Commitment 6: Use screens together for a purpose, not aimlessly and alone

The irony of this insight is thick: “the more you entertain children, the more bored they will get” (p. 141). That is, screens do not address the larger problem, they only make it worse. In a nutshell, technology invents a false, overly vivid, alternate world that does not actually exist. More disturbing is that “our capacity for wonder and delight, contemplation and attention, real play and fruitful work, has been dangerously depleted” (p. 146).

Commitment 7: Car time is conversation time

This is one commitment of Crouch that I can say from personal experience is dead on. Even on brief errands, my son who is otherwise not disposed to freely offer up the cherished information that parents seek will open up for deep conversation. This has even taken my wife by surprise since it has also happened to her. This is not to say that we always ban devices from the car, but often, we go without them.

Commitment 8: Spouses have one another’s passwords and parents have full access to children’s devices

This commitment requires deep trust and vulnerability. Given our wedding vows and the other obvious ways that deep trust and vulnerability are required between couples, this should not be something difficult to do. While some may find this creepy, it is perhaps creepier that “30% of all internet traffic” relates to pornography; in fact, 62% of teens report having received nude images and 40% claim to have sent one (p. 169)! The rationale for this goes back to Commitment 1—parents need to both demonstrate great wisdom and courage themselves, but also to help their children grow in these areas because, Crouch warns, “if we build our family’s technological life around trying to keep porn out, we will fail” (p. 173). Although most of the chapter is framed against porn, other issues are assumed under the principle: “no technological secrets, and no place to hide them” (p. 177).
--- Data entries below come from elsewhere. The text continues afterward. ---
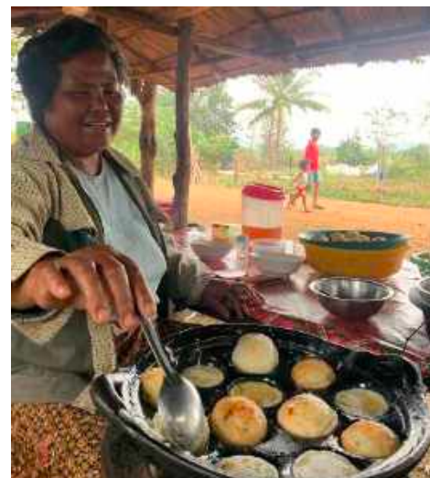
Income generation activities, supported by CFS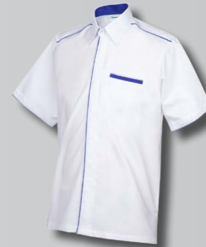
OF 1000 WHITE / ROYAL BLUE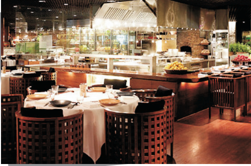
Mezzanine Grand Hyatt Restaurant Singapore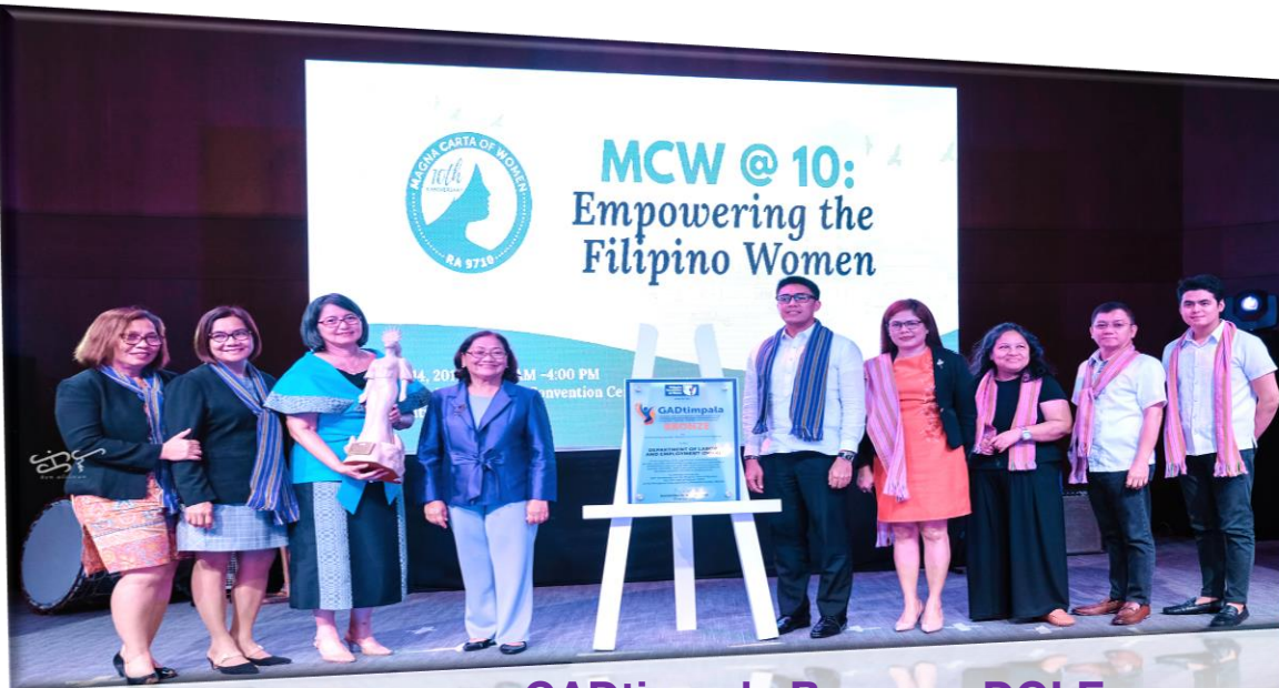
GADtimpala Bronze - DOLE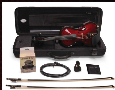
Glasser Custom Shop Acoustic-Electric Outfit: Red Texalium violin in Jakob Winter case

These instruments can be purchased individually or as a part of an outfit. All violin and cello outfits include Glasser bows, cases or gig bags, and accessories that enhance their value to the customer. The Glasser Custom Shop allows you to select custom instruments, cases or bags, bows, and accessories to get your customer their perfect outfit.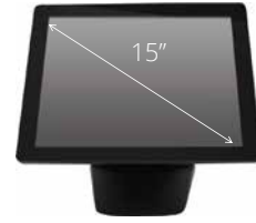
15" DISPLAY True Flat PCAP Touch Resolution 1024 x 768 Dimension 360 x 210 x 316 mm (14.2" x 8.3" x 12.4") Weight 5.4 kg (11.9 lbs)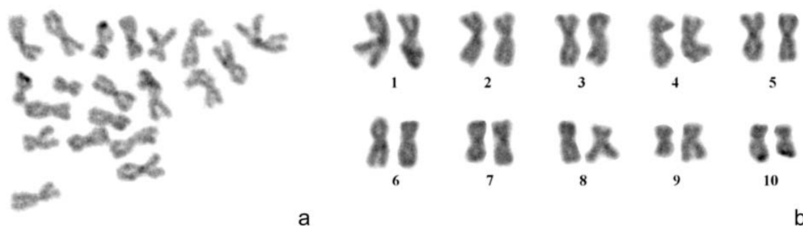
Figure 2. C-banding (CBP, C-banding with barium hydroxide and stained with propidium iodide) in chromosomes of Crassostrea gigas . (a) A metaphase cell (hybridized previously with (TA) 10 probe - figure 1,e), and (b) its corresponding karyotype. Scale bar = 7 \mu m (only for the metaphase cell picture).

All probes used in the present study generated signals on all metaphase chromosomes. The strong hybridization signals observed at distinct locations along the chromosomes probably represent regions where SSRs are included within larger, tandemly repeat units or where SSRs are present as very large perfect or degenerate arrays. Thus, the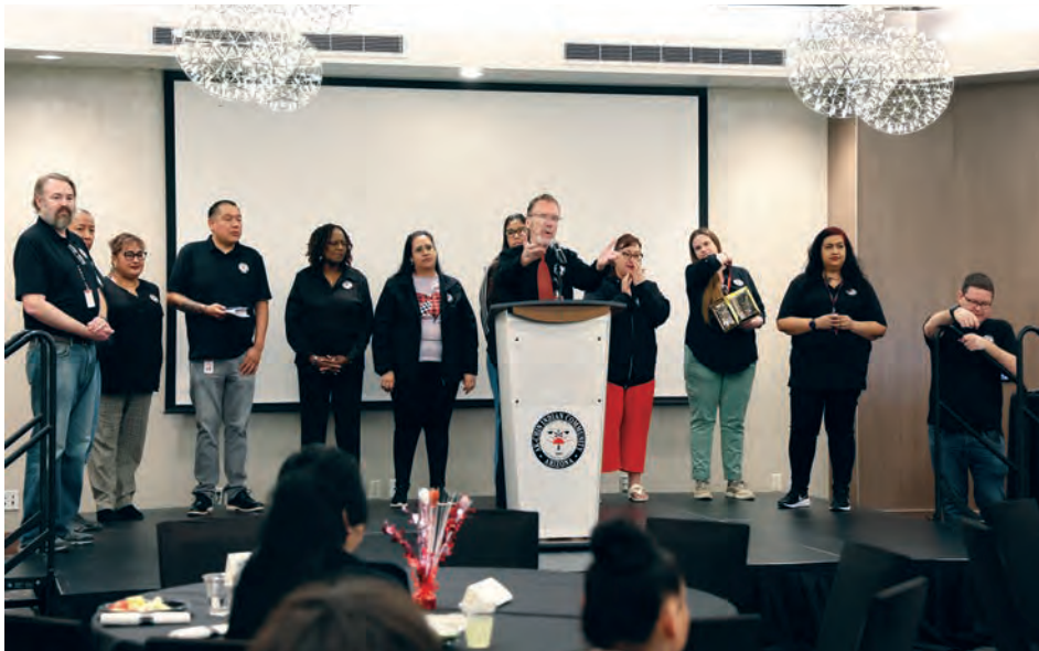
New and veteran staff of the education department make introductions to parents and guardians during the first parent night for the spring quarter, with special guest and fun raffles throughout the event.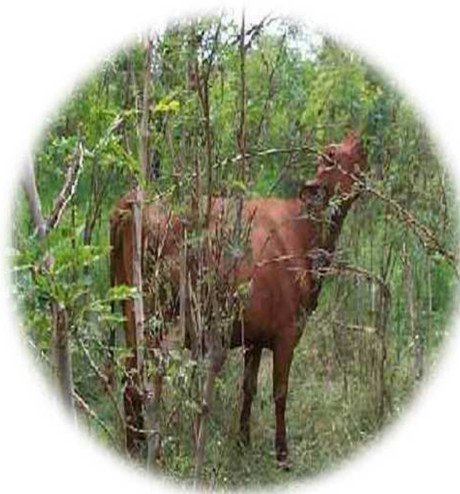
Picture 4. Lucerna dairy cows in a high density SSP. Hatco Natural Reserve, Colombia.

Commitment 9: Sing together (create music) rather than consume the music of others

Of all the chapters of the book, I found this one the oddest. Yet, his point is well taken. “In too many of our churches [and society in general], however, we have settled for a technological substitute for worship: amplification, which allows a few experts to do the worshipping on our behalf while we offer far too little of our own heart, soul, mind, and strength” (p. 192).
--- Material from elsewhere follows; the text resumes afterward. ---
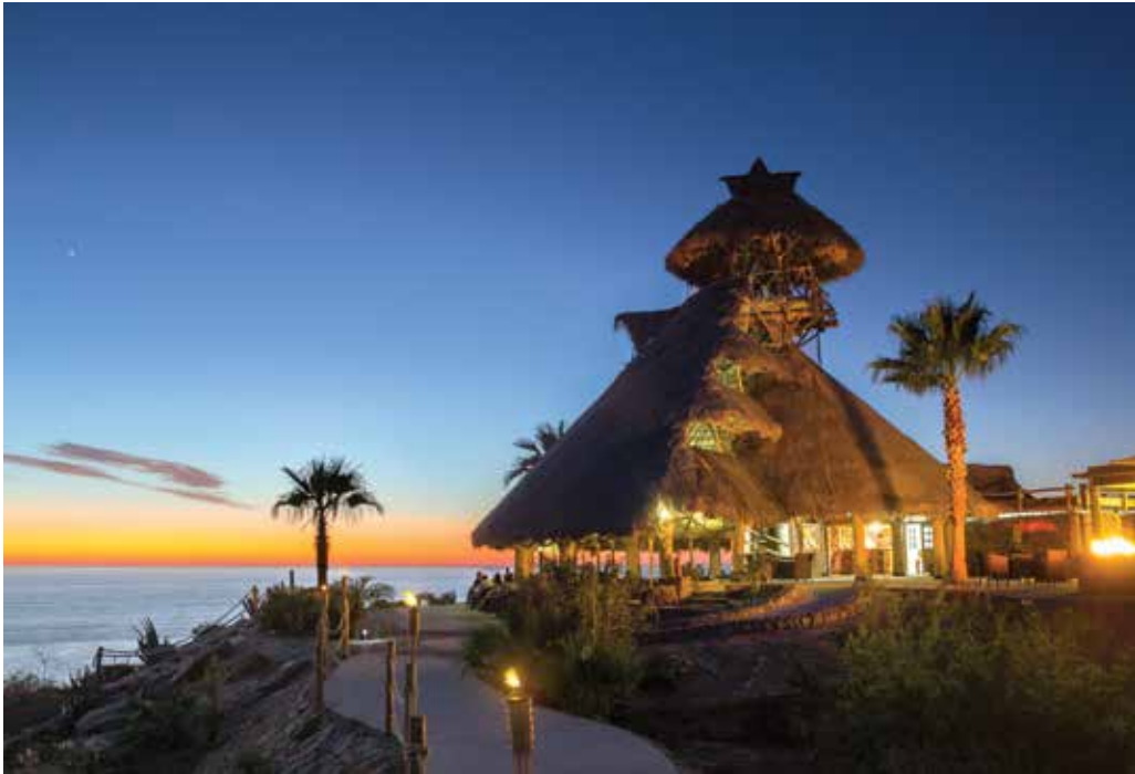
Guaycura Boutique Hotel, Beach Club & Spa

Commitment 10: Show up (physically) for the big events of life

The importance and value of this Commitment is beautiful; the remainder of it, which I abbreviated in the summary list above, concludes by adding, “We learn how to be human by being fully present at our moments of greatest vulnerability. We hope to die in one another’s arms” (p. 197). The nudge here is that it makes decision about attending weddings, graduations, etc., easy and it places high value on events that matter.

Notable features of the book

A useful highlight of the book is the inclusion of numerous types of charts, graphs, and info graphics (18% of the book to be exact) conducted by the Barna Group that helps to frame Crouch’s discussions and connect them to empirical research instead of anecdotal evidence.
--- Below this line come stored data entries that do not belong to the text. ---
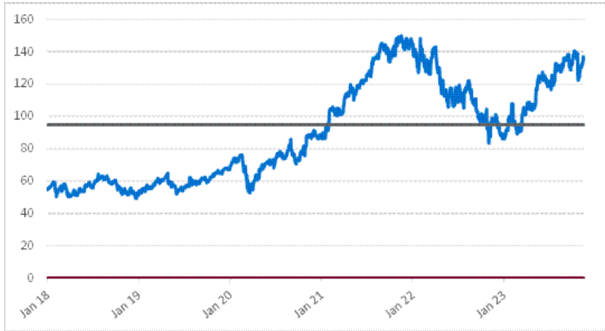
Class A Common Stock of Alphabet Inc. – Daily Closing Prices January 2, 2018 to November 17, 2023

*The solid line indicates the downside threshold price, which is 70% of the initial share price.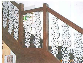
Intricately designed original cast iron balustrades retained, with missing ones replaced to match existing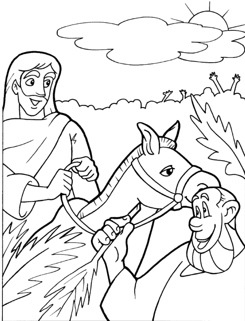
The Triumphal Entry

Can you help Jesus find the way through the streets of Jerusalem to the temple?

While there is not extensive research provided in the endnotes, which is the norm for non-academic books, Crouch includes insights from the fields of medicine, science, and psychology. Additionally, he includes a brief section called “For Further Reading” at the close of the book that offers Crouch’s advice on what to read next to dive deeper into the issues raised in the book.

Conclusion

In a world that is running headlong into more tech, we all need to take a moment (or several) to examine how technology impacts our lives. Crouch offers families an introduction on how to do that well, and one that is based on both his own family’s experience and research done by the Barna Group.

*This has been a review of Andy Crouch’s book, The Tech-wise Family: Everyday Steps for Putting Technology in its Proper Place (Grand Rapids, MI: Baker, 2017).


Ben Snyder is the Editorial Assistant and senior Book Review Editor for Soul Care Collective.